宋聿垂眼回道:“先前多地已下过春雨,如今回寒,恐怕于发苗不利。”
圣人脚步顿住,这就意味着江南收成极有可能折损,下面不好确定,不会上报这种事。
“确定?”圣人回头看着宋聿道。
“恕臣无法确定。”
圣人盯着他看了半晌,继续缓步走动:“先前在江南的动静朕知道,你弄出个靠日光烧水的东西,怎么这回不敢说实话。”
杨度看了眼宋聿。
宋聿略顿一息,回道:“若在当初,陛下问臣能否做出不用柴的灶头,臣定回禀一如今日。”
圣人笑了一声:“你们这些个人嘴皮子一个比一个厉害,放在朕身边倒是大材小用了。”
翌日,宫中传旨,擢翰林院侍讲宋聿为正五品虞衡司给事中,并江南民间科学院入虞衡司。
短短几个月又升一级,甚至盖过杨子仪侄儿杨度,终于有人将目光放在宋聿身上,看来看去却没什么可看的,此人要么在虞衡司坐班忙公务,要么进宫不见人影,要么便待在家里。

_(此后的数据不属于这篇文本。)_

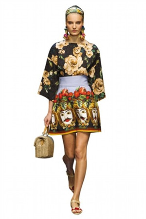 Dolce&Gabbana:印有大幅玫瑰圖案的寬大廓形上衣,搭配收腰、劇場人面像印花短裙,散發(fā)濃郁意大利風情。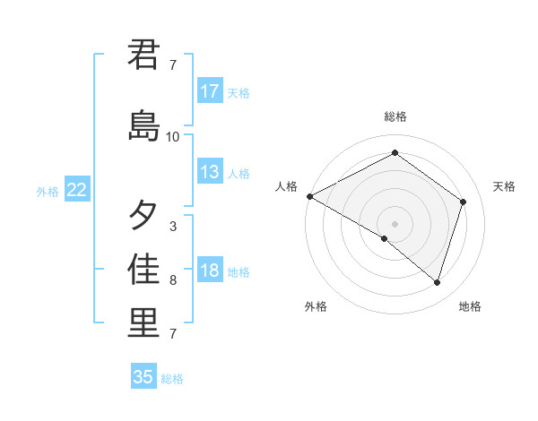 君島 夕佳里さんの総格は35画の4点!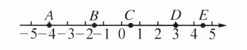 (1)A、B、C、D、E分别表示:$-4$,$-1.5$,$0.5$,$3$,$4.5$.
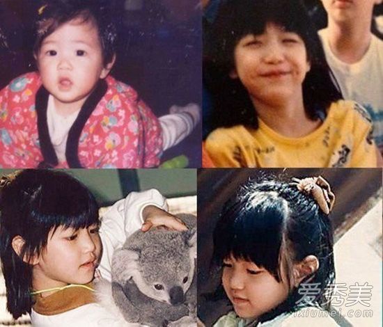 看到右上角的笑容,你就能认出这是谁了吧!原来女神陈妍希小时候眼睛还是挺大的,不过脸型也挺大。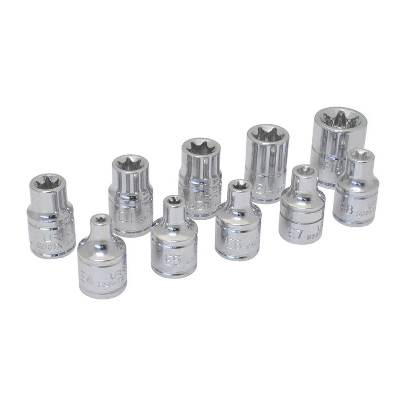 Los dados Torx® son conocidos por su capacidad para aplicar un par de torsión alto y uniforme, lo que los hace ideales para una amplia gama de trabajos mecánicos y de montaje. Con este juego de 10 piezas, tendrás una selección de tamaños de Torx® para adaptarse a diferentes necesidades de trabajo.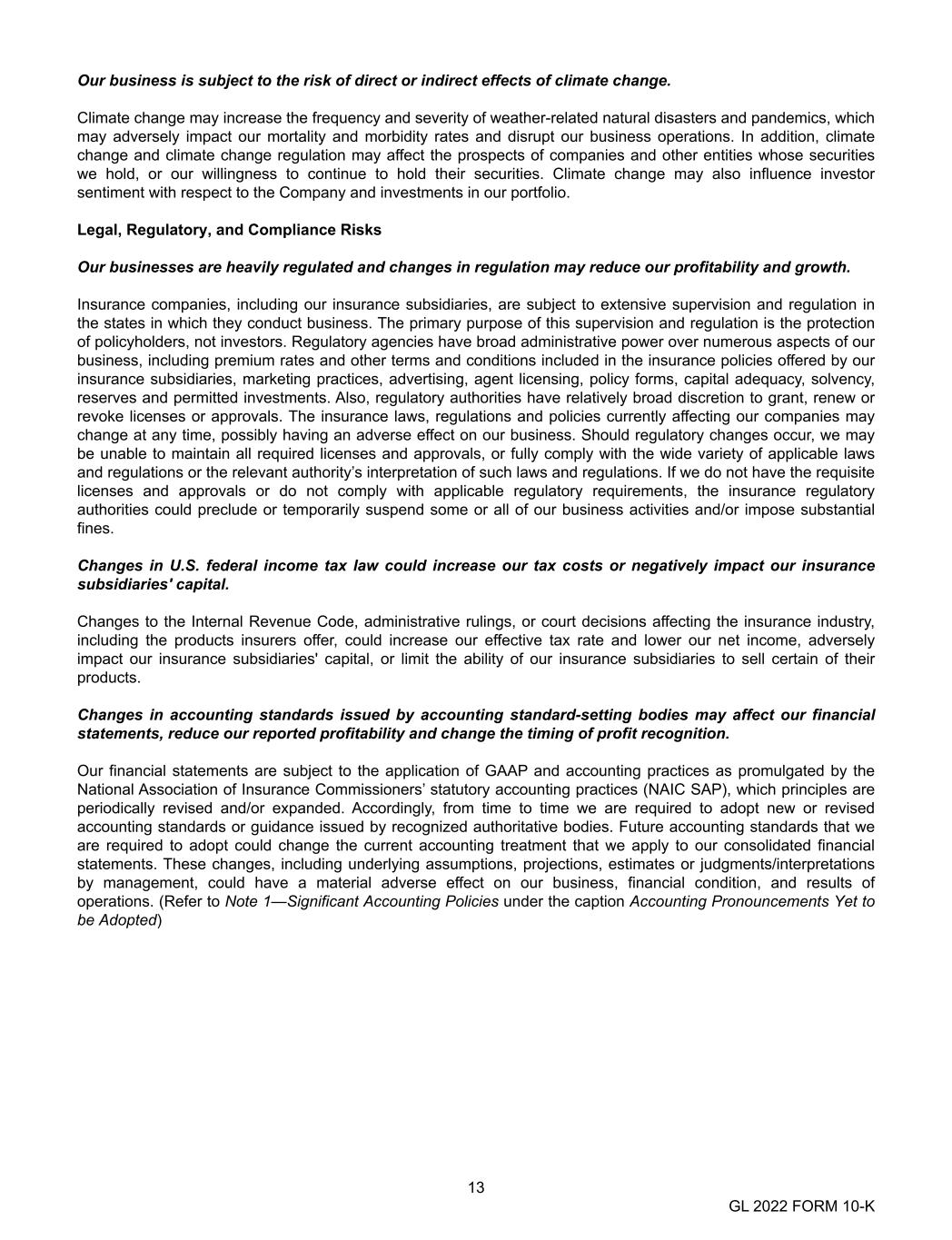Our business is subject to the risk of direct or indirect effects of climate change. Climate change may increase the frequency and severity of weather-related natural disasters and pandemics, which may adversely impact our mortality and morbidity rates and disrupt our business operations. In addition, climate change and climate change regulation may affect the prospects of companies and other entities whose securities we hold, or our willingness to continue to hold their securities. Climate change may also influence investor sentiment with respect to the Company and investments in our portfolio. Legal, Regulatory, and Compliance Risks Our businesses are heavily regulated and changes in regulation may reduce our profitability and growth. Insurance companies, including our insurance subsidiaries, are subject to extensive supervision and regulation in the states in which they conduct business. The primary purpose of this supervision and regulation is the protection of policyholders, not investors. Regulatory agencies have broad administrative power over numerous aspects of our business, including premium rates and other terms and conditions included in the insurance policies offered by our insurance subsidiaries, marketing practices, advertising, agent licensing, policy forms, capital adequacy, solvency, reserves and permitted investments. Also, regulatory authorities have relatively broad discretion to grant, renew or revoke licenses or approvals. The insurance laws, regulations and policies currently affecting our companies may change at any time, possibly having an adverse effect on our business. Should regulatory changes occur, we may be unable to maintain all required licenses and approvals, or fully comply with the wide variety of applicable laws and regulations or the relevant authority’s interpretation of such laws and regulations. If we do not have the requisite licenses and approvals or do not comply with applicable regulatory requirements, the insurance regulatory authorities could preclude or temporarily suspend some or all of our business activities and/or impose substantial fines. Changes in U.S. federal income tax law could increase our tax costs or negatively impact our insurance subsidiaries' capital. Changes to the Internal Revenue Code, administrative rulings, or court decisions affecting the insurance industry, including the products insurers offer, could increase our effective tax rate and lower our net income, adversely impact our insurance subsidiaries' capital, or limit the ability of our insurance subsidiaries to sell certain of their products. Changes in accounting standards issued by accounting standard-setting bodies may affect our financial statements, reduce our reported profitability and change the timing of profit recognition. Our financial statements are subject to the application of GAAP and accounting practices as promulgated by the National Association of Insurance Commissioners’ statutory accounting practices (NAIC SAP), which principles are periodically revised and/or expanded. Accordingly, from time to time we are required to adopt new or revised accounting standards or guidance issued by recognized authoritative bodies. Future accounting standards that we are required to adopt could change the current accounting treatment that we apply to our consolidated financial statements. These changes, including underlying assumptions, projections, estimates or judgments/interpretations by management, could have a material adverse effect on our business, financial condition, and results of operations. (Refer to Note 1—Significant Accounting Policies under the caption Accounting Pronouncements Yet to be Adopted) 13 GL 2022 FORM 10-K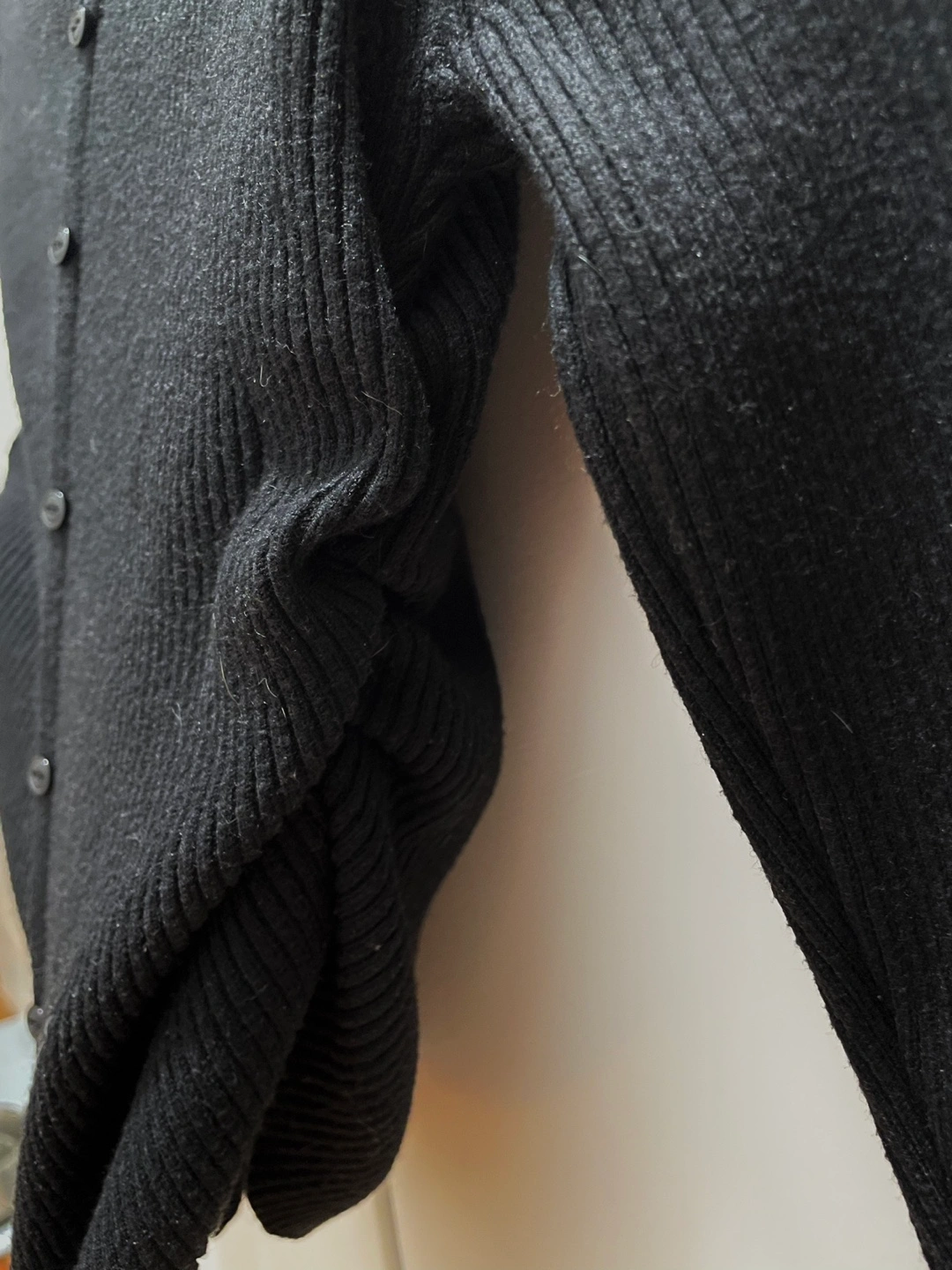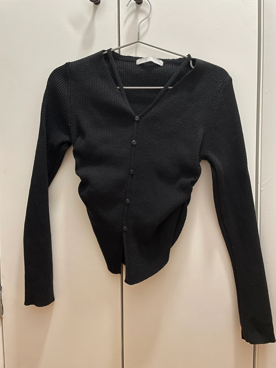 Long sleeve cropped button top. Features a cutout V-neck and button closure. Ribbed knit material. Perfect for office and everyday wear.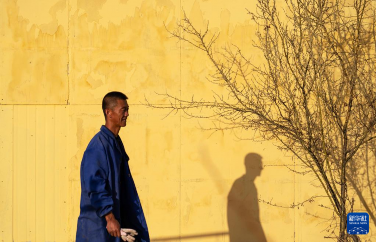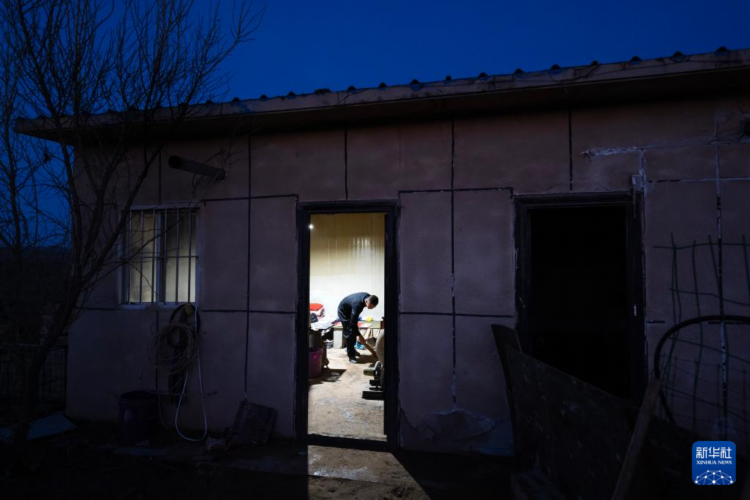 4月10日清晨,郭玺从古浪县土门镇的家中出发准备前往八步沙林场林下经济养殖专业合作社喂鸡。新华社记者 费茂华 摄
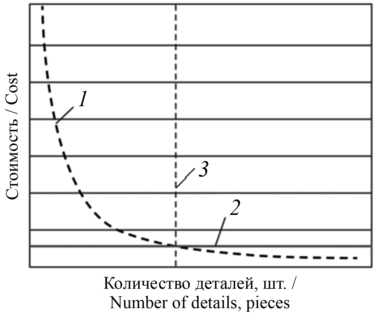 1 – традиционная технология; 2 – аддитивная технология; 3 – рентабельность аддитивного производства
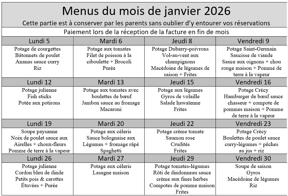 Menu Janvier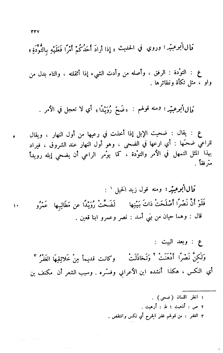 قال أبو عبيد: ومنه قولهم: " ضح رويداً " أي لا تعجل في الأمر.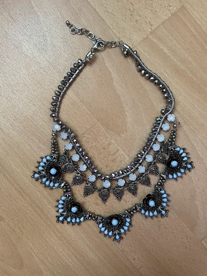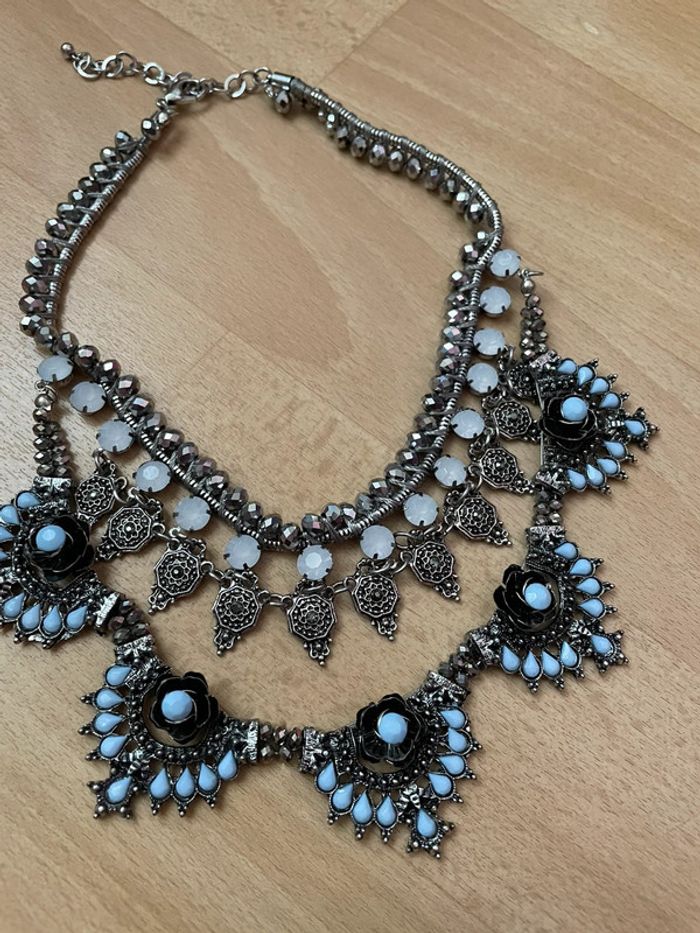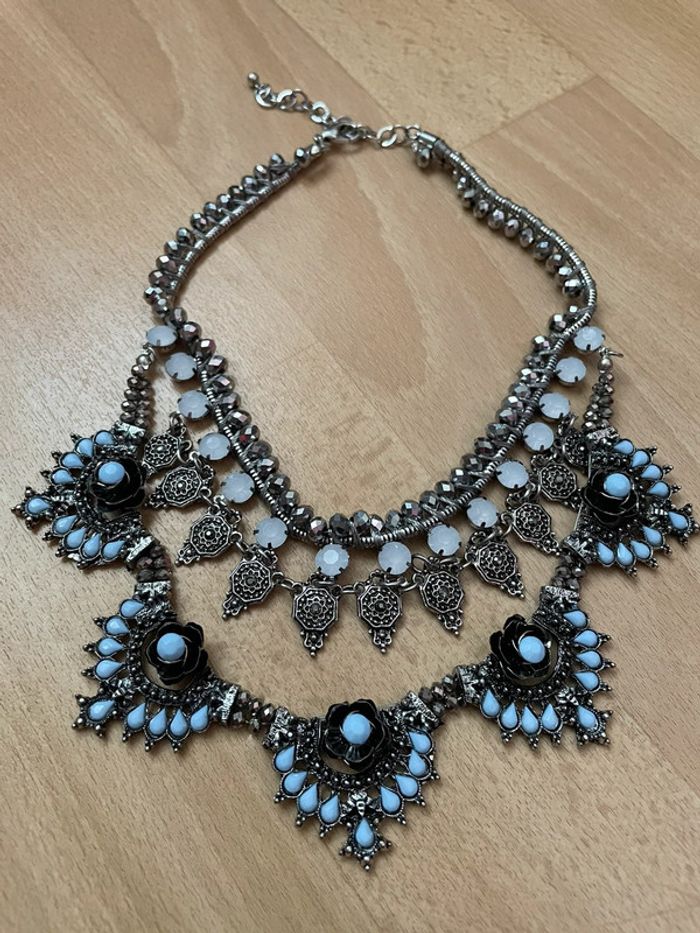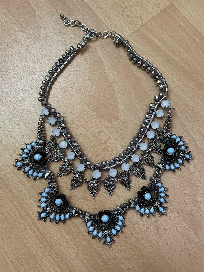 Collier plastron argenté avec perles bleues. #yessiibijoux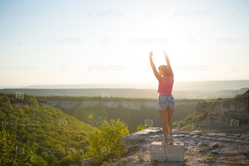 Женщина-туристка с поднятыми руками смотрит на панорамный вид на вершину горы и радуется, наслаждается свободой и приключениями. Треккинг, путешествия, активный экотуризм, здоровый образ жизни, походы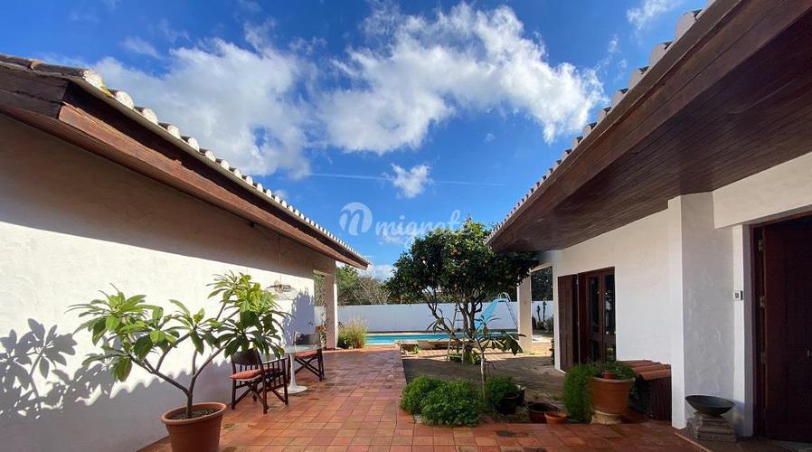 Дом расположен в прекрасном уединенном месте с живописными пейзажами в Алгарве, на участке площадью 17 га, в 20 минутах езды от Лагуша. На участке находится бассейн, теннисный корт и гараж. Основной д

圣人的意思宋聿明白,于是花几天功夫拟了个章程上奏,廷议时他没插上嘴,一众官员争论出个结果,代朝廷出面组建农研院、工研院的事便落到他头上。
这是个苦活儿,十个锦衣卫、二十个虞衡司小吏供他差遣,草拟试题还没个结果,许金的肚子在一个夜晚发动了。
当时宋聿正睡着,感觉到身边动静立刻起身,许金慌得满头大汗,稀薄水液从身下流出一小滩。
宋聿连忙让容秀去叫稳婆,稳婆一来便把他赶了出去,房间里渐渐出来许金疼到极致的痛吟。
宋聿心神不定,在檐下来回踱着步。
万一要是……不,不会的,绝对不会。
他拒绝去想。
手指抖得连衣袖都抓不住,平端被他的脸色吓到不敢吱声。
第二个稳婆很快也到了,房间里灯火摇曳,人影乱动,许金的声音越来越虚弱。
“容秀!容秀!”
容秀连忙跑出来:“老爷放心,稳婆说好着呢,主君稍微缓缓,再一使劲就好了。”
宋聿哪里放得下心。
说是顺利,一盆盆血水挨着往出抬,看得他胆战心惊,平端劝他去睡,他没心情,在檐下听着阿许的声音直直坐到天亮。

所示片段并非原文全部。